What you should do
All lines ahead of the one containing "袖丈46cm以下 4000-7980 二万以下" are to be left out; that line and each one after it, through the end of the records below, are to be duplicated exactly.

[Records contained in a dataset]
━━━━━━

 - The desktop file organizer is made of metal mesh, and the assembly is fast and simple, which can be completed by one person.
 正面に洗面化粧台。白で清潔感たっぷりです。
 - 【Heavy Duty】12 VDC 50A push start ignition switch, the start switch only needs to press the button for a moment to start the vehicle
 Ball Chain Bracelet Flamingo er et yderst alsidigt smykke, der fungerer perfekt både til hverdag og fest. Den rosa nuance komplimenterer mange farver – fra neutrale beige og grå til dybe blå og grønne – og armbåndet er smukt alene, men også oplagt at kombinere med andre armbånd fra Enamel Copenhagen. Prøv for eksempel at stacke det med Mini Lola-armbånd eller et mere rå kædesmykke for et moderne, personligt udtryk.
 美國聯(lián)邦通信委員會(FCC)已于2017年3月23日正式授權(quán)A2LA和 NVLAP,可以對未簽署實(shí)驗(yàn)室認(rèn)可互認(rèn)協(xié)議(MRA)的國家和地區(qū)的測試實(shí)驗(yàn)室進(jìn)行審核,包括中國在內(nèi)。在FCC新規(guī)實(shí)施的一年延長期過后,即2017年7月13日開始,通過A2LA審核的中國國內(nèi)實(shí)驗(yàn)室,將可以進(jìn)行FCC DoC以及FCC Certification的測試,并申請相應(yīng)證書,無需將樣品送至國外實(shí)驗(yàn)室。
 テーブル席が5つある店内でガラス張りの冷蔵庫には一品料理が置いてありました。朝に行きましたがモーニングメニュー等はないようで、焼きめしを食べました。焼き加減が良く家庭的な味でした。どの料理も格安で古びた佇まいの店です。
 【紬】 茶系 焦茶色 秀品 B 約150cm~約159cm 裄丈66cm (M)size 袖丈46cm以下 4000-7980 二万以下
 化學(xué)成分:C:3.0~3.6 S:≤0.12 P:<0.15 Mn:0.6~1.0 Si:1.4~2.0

━━━━━━

Task answer
 【紬】 茶系 焦茶色 秀品 B 約150cm~約159cm 裄丈66cm (M)size 袖丈46cm以下 4000-7980 二万以下
 化學(xué)成分:C:3.0~3.6 S:≤0.12 P:<0.15 Mn:0.6~1.0 Si:1.4~2.0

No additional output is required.